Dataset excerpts
····················
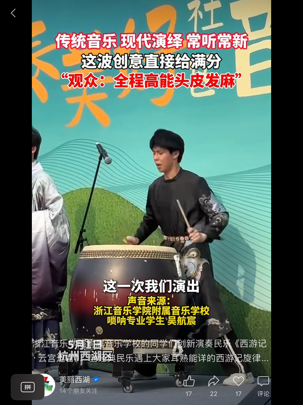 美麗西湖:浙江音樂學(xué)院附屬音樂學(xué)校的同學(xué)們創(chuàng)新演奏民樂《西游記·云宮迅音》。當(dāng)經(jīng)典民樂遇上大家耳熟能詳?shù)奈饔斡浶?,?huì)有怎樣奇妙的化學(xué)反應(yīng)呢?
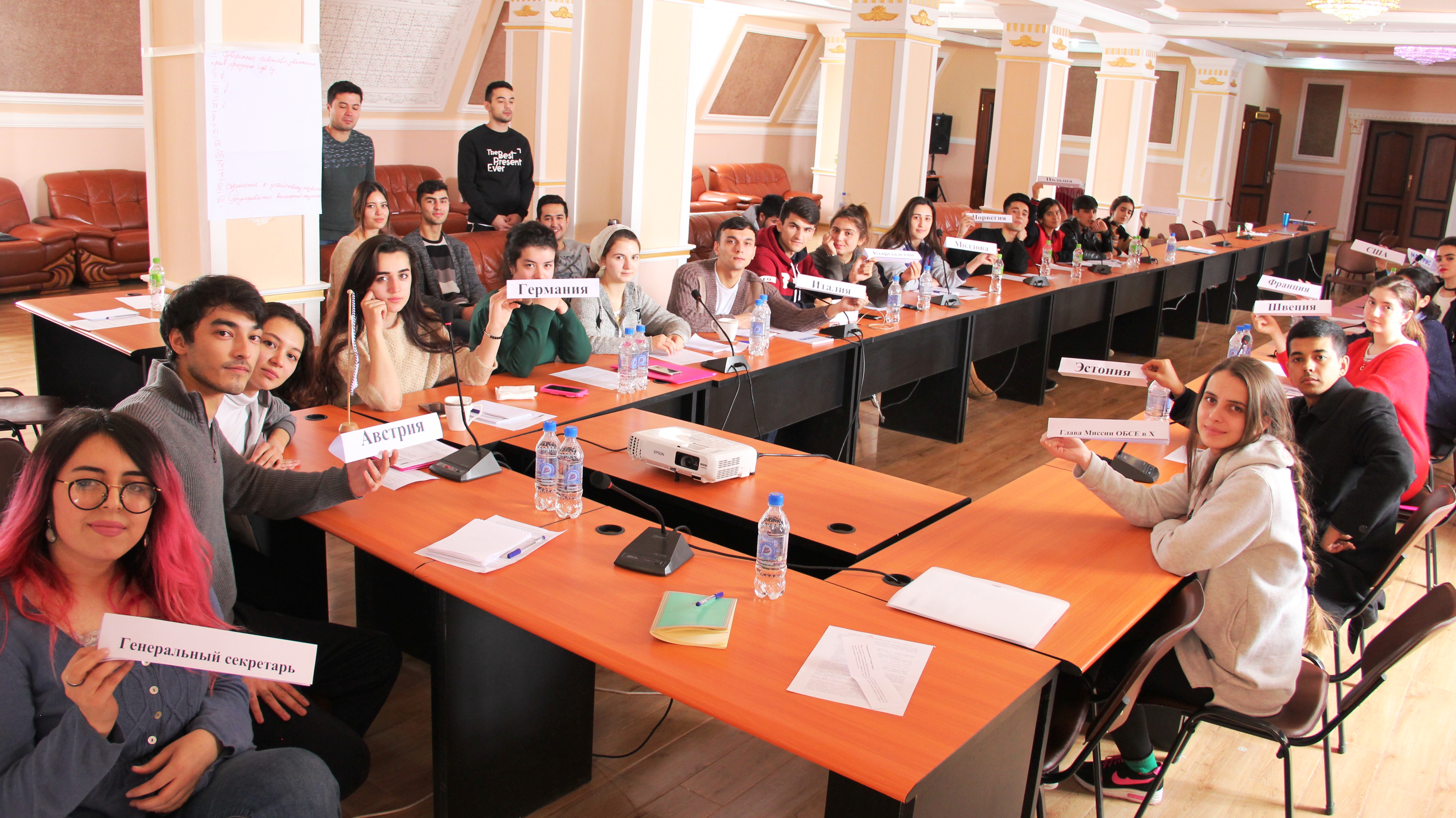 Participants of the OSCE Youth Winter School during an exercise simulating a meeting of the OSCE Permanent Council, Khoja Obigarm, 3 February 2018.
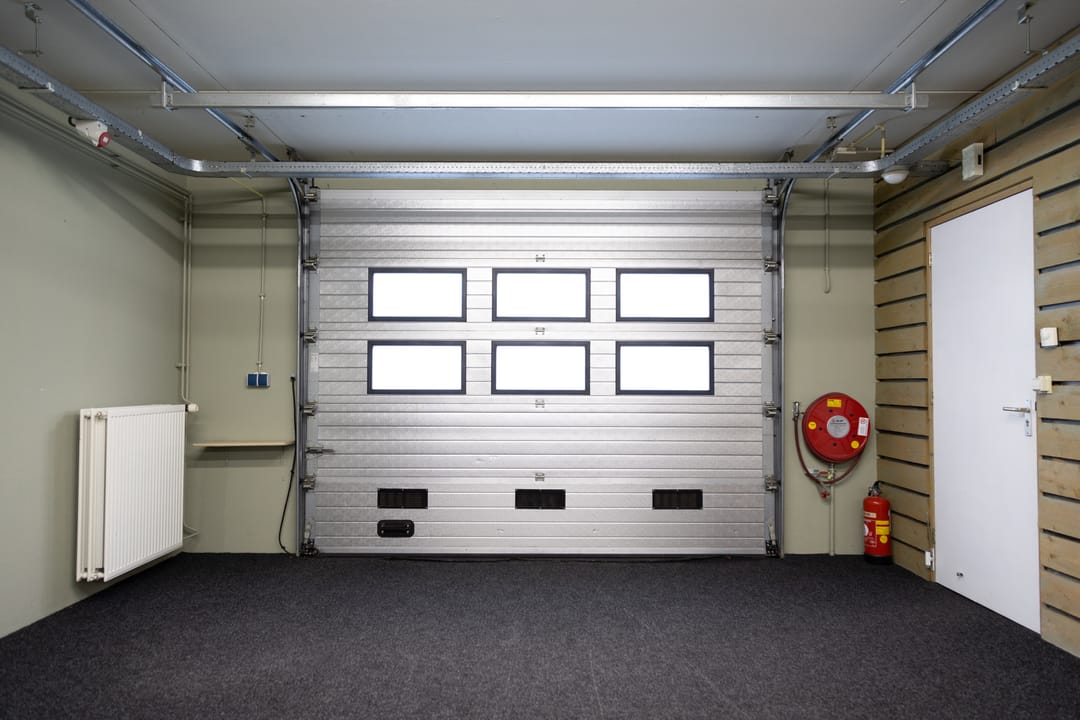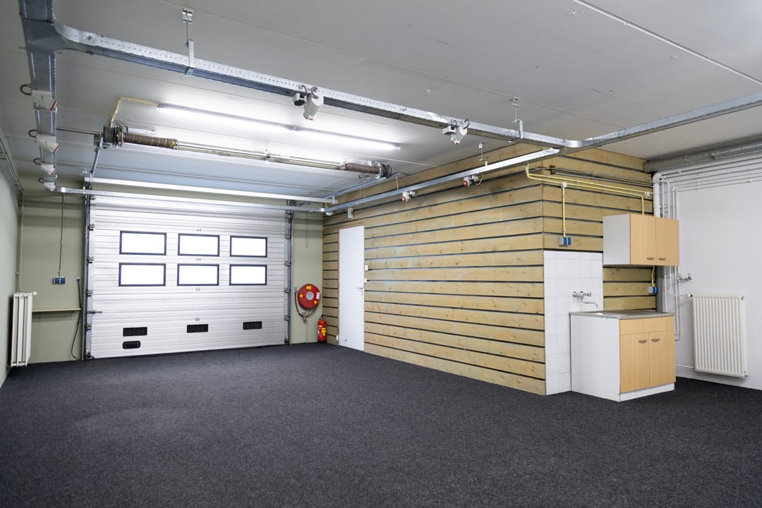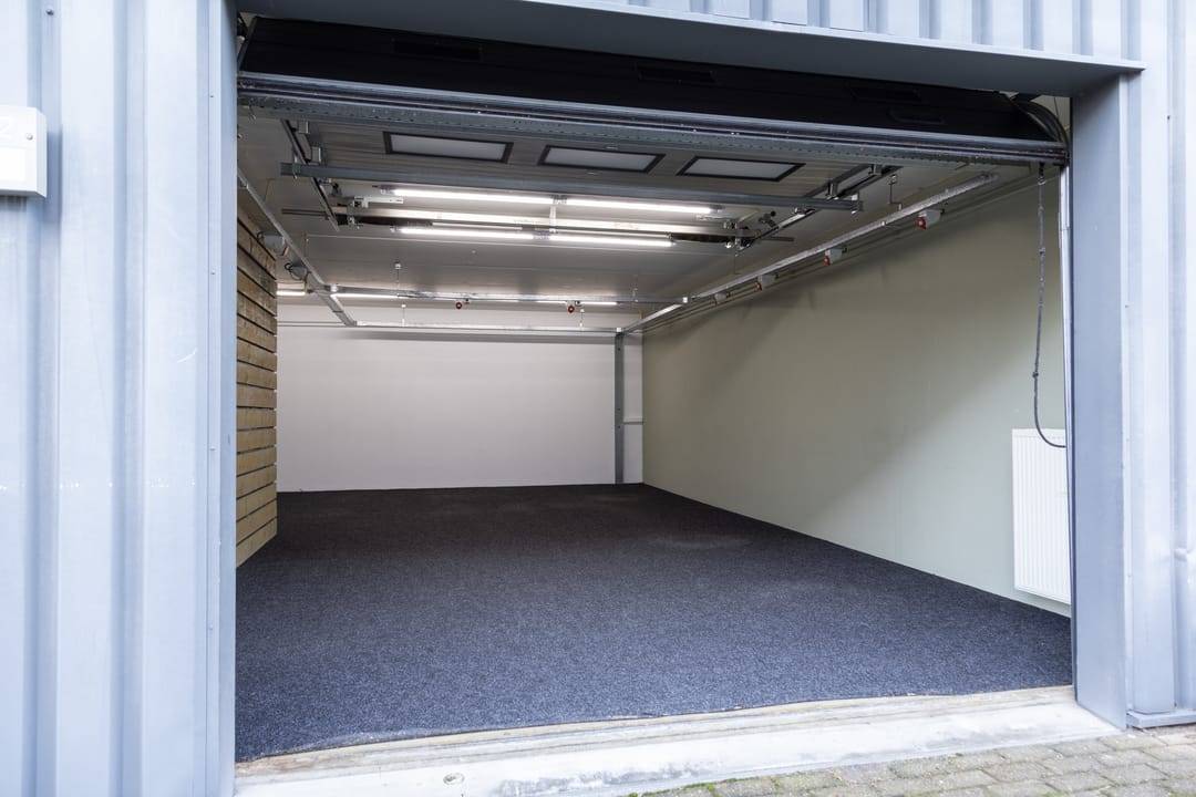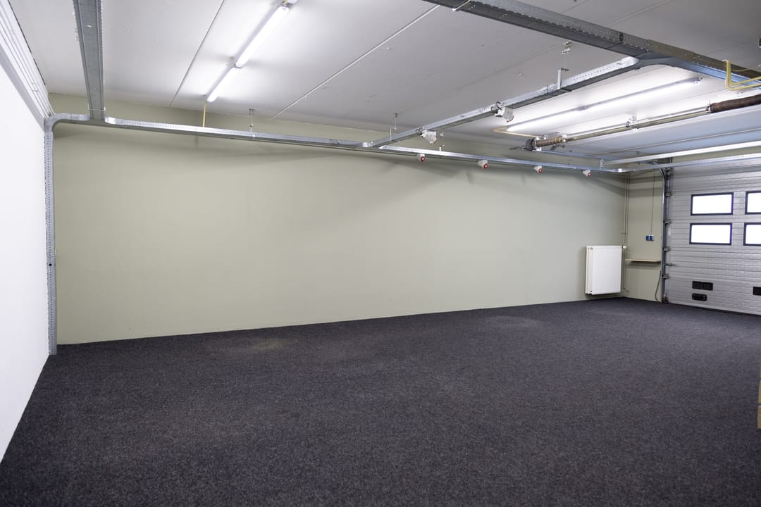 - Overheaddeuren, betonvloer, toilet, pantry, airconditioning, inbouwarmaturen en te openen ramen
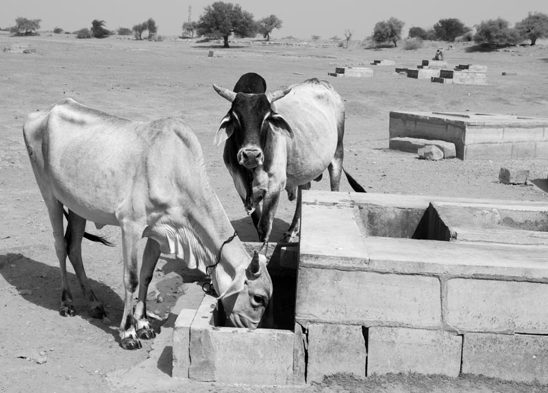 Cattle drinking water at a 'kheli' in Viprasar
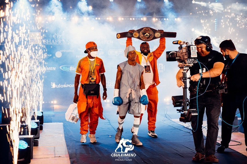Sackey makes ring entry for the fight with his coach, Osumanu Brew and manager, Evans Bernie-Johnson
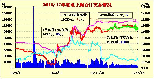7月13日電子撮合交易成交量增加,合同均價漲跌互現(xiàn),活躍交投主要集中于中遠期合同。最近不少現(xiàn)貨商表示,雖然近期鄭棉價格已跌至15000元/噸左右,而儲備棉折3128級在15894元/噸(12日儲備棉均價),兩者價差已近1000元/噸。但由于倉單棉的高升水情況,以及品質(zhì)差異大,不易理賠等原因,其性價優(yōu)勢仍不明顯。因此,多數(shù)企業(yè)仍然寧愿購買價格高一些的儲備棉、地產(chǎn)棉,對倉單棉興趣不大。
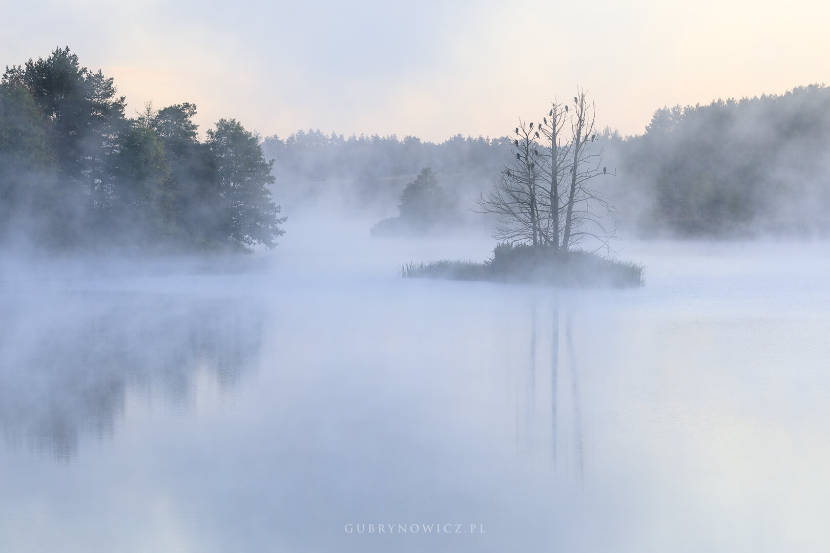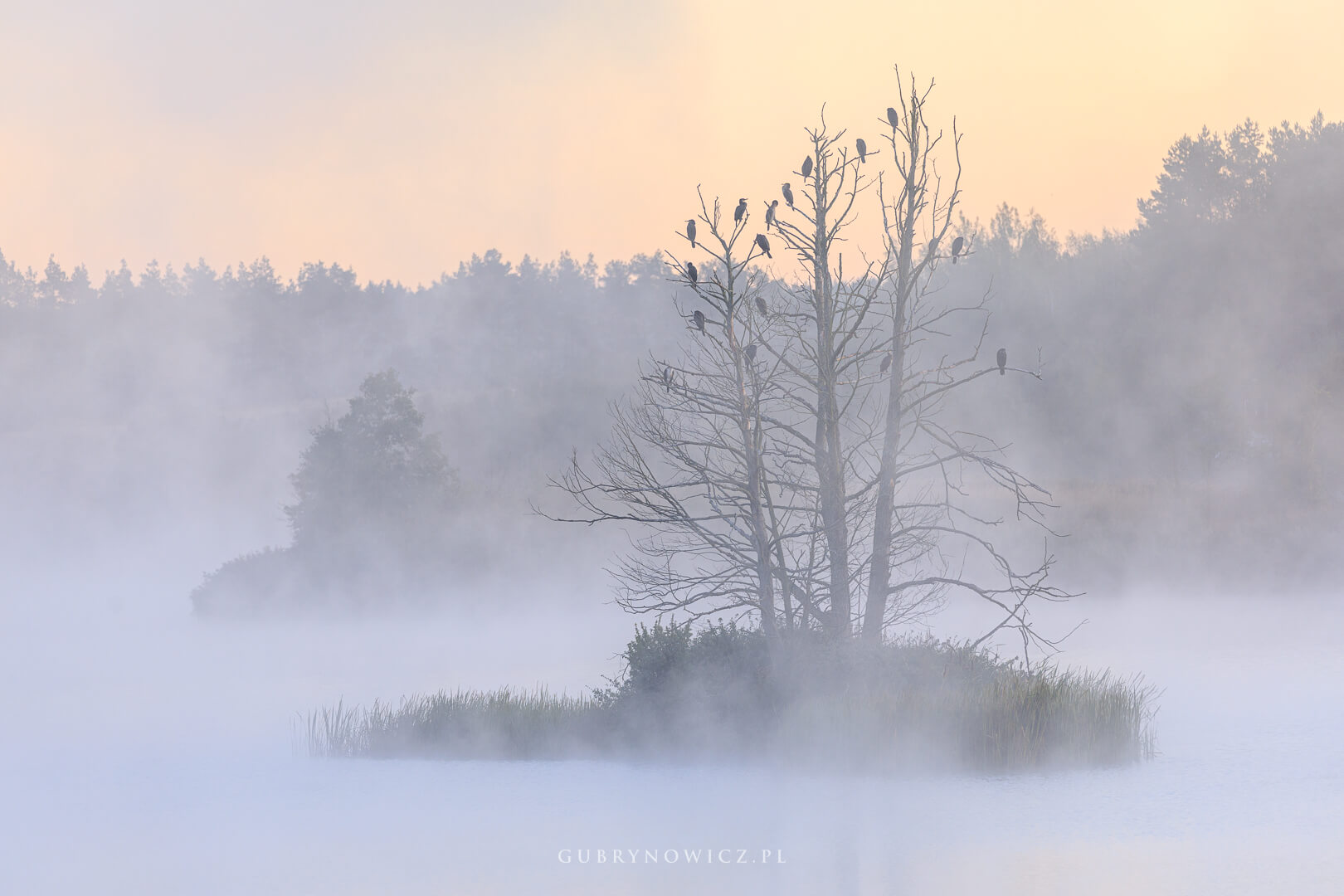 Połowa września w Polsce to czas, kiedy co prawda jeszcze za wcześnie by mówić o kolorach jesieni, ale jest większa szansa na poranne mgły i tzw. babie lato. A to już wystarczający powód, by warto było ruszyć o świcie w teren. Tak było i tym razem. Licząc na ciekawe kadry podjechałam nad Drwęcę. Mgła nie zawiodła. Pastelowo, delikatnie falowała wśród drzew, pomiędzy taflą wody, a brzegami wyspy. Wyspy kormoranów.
····················
WHAT IS NEEDED: Reproduce the data above exactly, but only the lines from the one showing "Cattle drinking water" through the one showing "7月13日電子撮合交易成交量", with both ends kept and the pictures left out.

RESULT BELOW:
 Cattle drinking water at a 'kheli' in Viprasar
Sackey makes ring entry for the fight with his coach, Osumanu Brew and manager, Evans Bernie-Johnson
7月13日電子撮合交易成交量增加,合同均價漲跌互現(xiàn),活躍交投主要集中于中遠期合同。最近不少現(xiàn)貨商表示,雖然近期鄭棉價格已跌至15000元/噸左右,而儲備棉折3128級在15894元/噸(12日儲備棉均價),兩者價差已近1000元/噸。但由于倉單棉的高升水情況,以及品質(zhì)差異大,不易理賠等原因,其性價優(yōu)勢仍不明顯。因此,多數(shù)企業(yè)仍然寧愿購買價格高一些的儲備棉、地產(chǎn)棉,對倉單棉興趣不大。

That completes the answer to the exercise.